カタコトの料理

2026.8.28 金

 1993年秋、オレはアムステルダムにあるSTEIM(the Studio for Electro-Instrumental Music)という電子音楽の研究所みたいなところに1ヶ月ほど滞在していたことがある。ここには宿泊施設がついていて、世界中から集まってきた音楽家や電子音楽の研究者が滞在出来、自由に電子音楽の工房を使うことが出来たのだ。オレが滞在していたときにもマレーシア、イギリス、カナダと様々な地域の音楽家が滞在していた。

  あるとき、たしかマレーシアから来ていた滞在者の一人が、「ソバが手に入ったから今夜はソバパーティをやろう」と言うではないか。

「ソバって日本の?」

「もちろん」

やったー。オレは久しぶりの日本食に盛り上がった。それも大好物の蕎麦だ。泣きたいくらい嬉しかった。

 パーティの時間か近づいてくると、なにやらニンニクとオリーブオイルを炒めたような良い香りがしてくる。前菜にイタリアン? ところが、ところが、食卓の大皿に盛られていたのは、なんと、ソバをパスタに見立てて作られた、ポモドーロやジェノベーゼに、カルボナーラだったのだ。

「大友、ソバだぞ。日本の食器もあるからね」

差し出されたのは味噌汁用の木のお椀とフォーク。大抵のものには驚かないオレも、これにはまいった。でもそいつの嬉しそうな顔を見てると怒るわけにもいかない。

「ありがとう」

そう言いながら、イタリアン・ソバをフォークと味噌汁用のお椀でオレは平らげた。複雑な思いと違和感を打ち消しながら。そこにいた多国籍のみんなは、日本のソバは初めてだけと、美味いね、なんて言ってる。一応日本代表のオレとしては、「たしかに麺はソバだけど、これはイタリアンテイストだよ」なんて言ってみたり。するとイタリアから来たヤツが、「イタリアでは醤油はつかわないよー」なんて言っている。たしかにどのイタリアン・ソバにも醤油が隠し味に使われている。なかなか粋なことをやってくれていたのだ。このときオレは日本の五右衛門のパスタを思い出していた。タラコスパとか、納豆パスタとかを。そういえば、イタリアの友人が日本のナポリタンを食べて、あれはイタリアンじゃなくて日本料理って言っていたなあ。彼が納豆パスタを見たらどう思うのかな。

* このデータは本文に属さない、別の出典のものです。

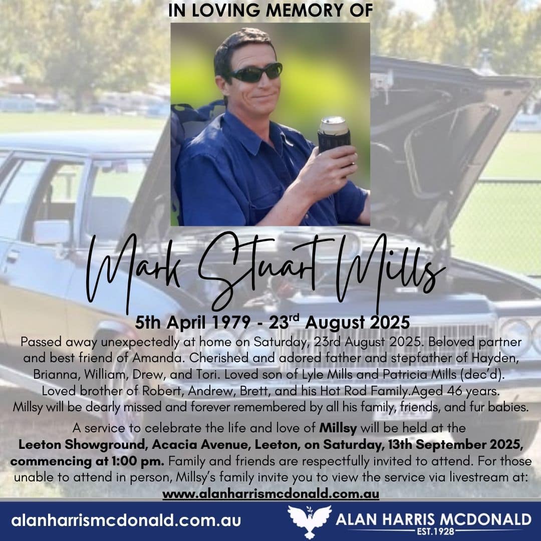 A service to celebrate the life and love of Millsy will be held at the Leeton Showground, Acacia Avenue, Leeton, on Saturday, 13th September 2025, commencing at 1:00 pm. Family and friends are respectfully invited to attend. For those unable to attend in person, Millsy’s family invite you to view the service via livestream at: www.alanharrismcdonald.com.au
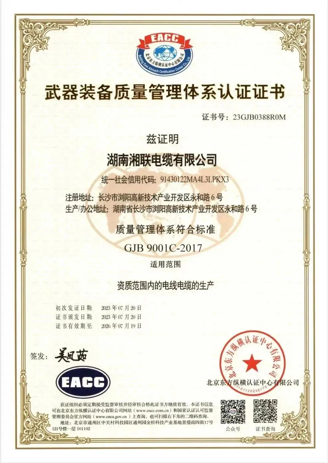 7月20日,湖南湘聯(lián)電纜有限公司順利通過國軍標(biāo)質(zhì)量管理體系認(rèn)證,獲得《武器裝備質(zhì)量管理體系認(rèn)證證書》,質(zhì)量管理體系符合:GJB9001C-2017標(biāo)準(zhǔn)。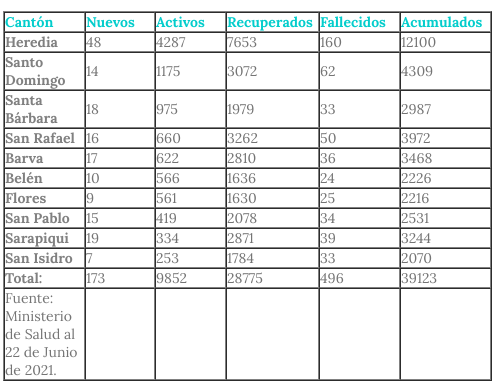 Al 22 de junio, la provincia de Heredia registra 39 123 casos acumulados COVID-19, de estos 28 775 personas lograron vencer la situación, es decir, poco más del 73%.
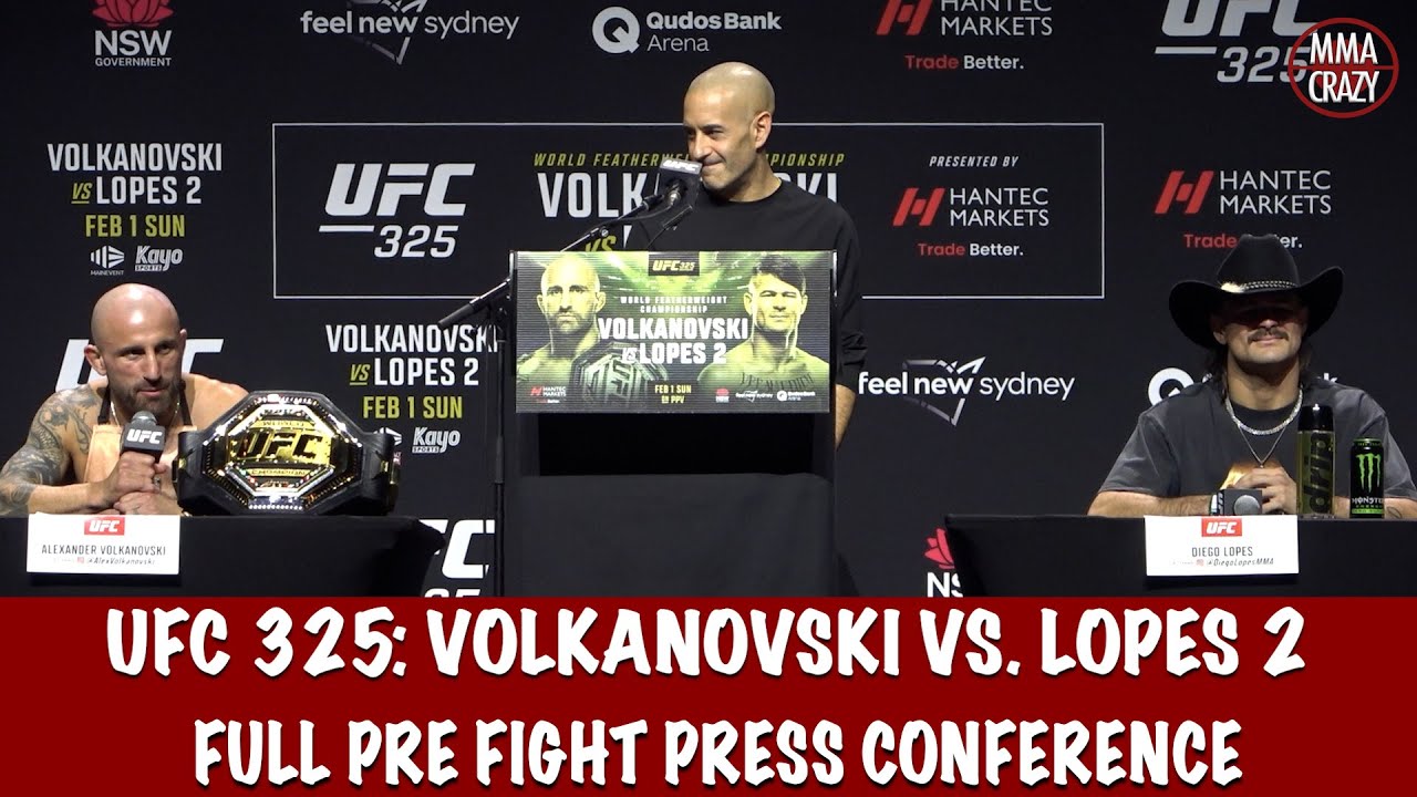 Full UFC 325 Pre Fight Press Conference with Alexander Volkanovski, Diego Lopes, Benoit Saint Denis, Dan Hooker, Rafael Fiziev, Mauricio Ruffy, Tallison Teixeira, Tai Tuivasa, Quillan Salkilld, Jamie Mullarkey, Twitter: http://www.twitter.com/MMACrazy Instagram: http://www.Instagram.com/MMA_Crazy Click on the link below to subscribe http://www.youtube.com/user/mmacrazytv?sub_confirmation=1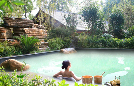 從室內(nèi)的藥池出來,到室外的露天池,商家對(duì)池水的溫度進(jìn)行了科學(xué)調(diào)控,有多種不同水溫的池子,剛從池水中出來,在秋夜的寒氣中感覺很冷,找了一個(gè)水溫較高的池子泡著,這個(gè)池子不大,只能容納十來個(gè)人。四周移栽有翠竹和常青樹。水池的石階邊有兩個(gè)出水孔,上面人工制成考究的石兌,不仔細(xì)注意看還難以發(fā)現(xiàn),一個(gè)是地下溫泉,一個(gè)是地下冷泉,混合而成適合人體的水溫。池中的水總是流動(dòng)著,一點(diǎn)都不渾濁,清澈見底。人入池中便碧波蕩漾,在燈光下,能清楚看到自己的腳趾頭。乳白色熱氣繚繞著飄向空中,感覺就是人間仙境。

 日本ネイティブの人間にとっては醤油を隠し味にしたとはいえ、蕎麦がカルボナーラになるなんて信じられない事態だし、ましてやそれを味噌汁のお椀とフォークで食べるなんて、違和感がありすぎてめちゃくちゃにもほどがあるって思ってしまうけど、でもネイティブじゃない人間から見たら、なにが違和感なのかすらわからないって話なのだ。僕らがナポリタンや納豆パスタに違和感を感じないように。

 このとき、ソバ・カルボナーラを食べながら、コトバにカタコトがあるように、料理にもカタコトがあるのではないか、なんてことを思ったのだ。異なる文化背景をもつ人があつまり、そこに扱ったこのとない食材が現れたときに、カタコトの料理が生まれる。生まれた瞬間は名前はない。即興だからだ。でもそれが定着していくと、ナポリタンとか納豆スパなんて名前がついたりする。きっとカレーライスとかハヤシライス、アンパンなんかも最初はそうやって生まれたに違いない。アボカドを巻き寿司に入れるカリフォルニアロールだって、きっとカタコトから始まった料理なんじゃなかろうか。